Avoska for the projectile: how the net bag helped a great Soviet Army

In the description of the Soviet grenades, you can find the phrase: "Inside the body of the grenade (between the explosive charge and the body) there is a grid of cardboard for rational crushing of the body into fragments, which contributes to an increase in the fragmentation effect." To come to the opening of the grid itself helped ... bag-bag!

Bach - and the ladies!

With the property of gunpowder, it was great to know Babahat more closely with his European inventor, Berthold Schwartz. In those medieval times, people in Europe lived their habitual wonders. “That we have some kind of powder when we are waiting for the end of the world from day to day!” And soon Schwarz’s invention was rumbling with the first cannon.

It quickly turned out that with the help of gunpowder, it turns out to be a good idea to launch something like a stone block in the direction of evil enemies. Accuracy, however, ranged from plus or minus the city, but since they were shooting at the city walls, they were satisfied with the consumers.Loud monsters quickly became the first and last argument of the monarchs in the fight against the feudal freemen, clearly showing that "early, apparently, do not care about kings!".

However, in the open field the guns had to be more difficult. Of course, get in the way of some kind of squad (the combat order of infantry, built in the form of a square or rectangle. - Approx. Ed.) - lane "). But with the infantry deployed in line, such tricks no longer worked.

Before the Hollywood films, where every nucleus almost demolishes the half-battalion with an almost atomic explosion, it was necessary to wait a long time. And the heirs of the monk Schwartz were perplexed: how could one hit a little more people with one shot ?!

Shrapnels and Pineapples

Pretty soon, the gunners came to the idea of ​​making the core hollow and pouring all the same magic powder into the empty space. The resulting item was called a bomb. True, the very first samples were also far from super-duper. As a rule, during an explosion, they broke up into a couple of large fragments.

The solution to the problem was proposed by Briton Henry Shrapnel.Plain bullets were thrown at the core, and if it was possible to make him blast higher, lead rain poured onto the heads of the enemy soldiers. This version of the ammunition with the GGE - ready attacking elements - is used with might and main in our days. And it is called in honor of the inventor - shrapnel. From huge air defense missiles to small Claymore anti-personnel mines. Or even improvised explosive devices of terrorists - then nails, balls from bearings and in general everything that comes to hand will be used.

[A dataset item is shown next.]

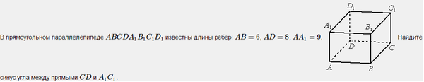 В прямоугольном параллелепипеде ABCDA1B1C1D1 известны длины рёбер: AB=6, AD=8, AA1=9. Найдите синус угла между прямыми CD и A1C1

British 18 – lb (83,8 mm) shrapnel shell used in the First World War
However, the projectile with the GGE, even the most primitive, is more expensive than usual. It is better when the useful work of mowing the grass and everything living around makes fragments of the shell itself. Well, so that this body scattered to the sides as it should, and not as horrible, they began to make notches on its surface from the outside or the inside. The most classic examples of such a device are the British Mills bomb (the “Mills bomb”), the French F.1 and our F-1 “lemon”, a hand-grenade with a corrugated body, familiar to everyone, if not for the lessons of basic military training, then for cinema .

However, in practice, it quickly became clear: the presence of notches does not guarantee at all that the ammunition case will spread over them. In the same "lemon" most of the body is literally crushed into dust, giving a bunch of small and harmless fragments. As sadly noted in this regard in the description of the grenade: "the idea of ​​forming fragments of predictable size due to the corrugation of the body was not quite correct."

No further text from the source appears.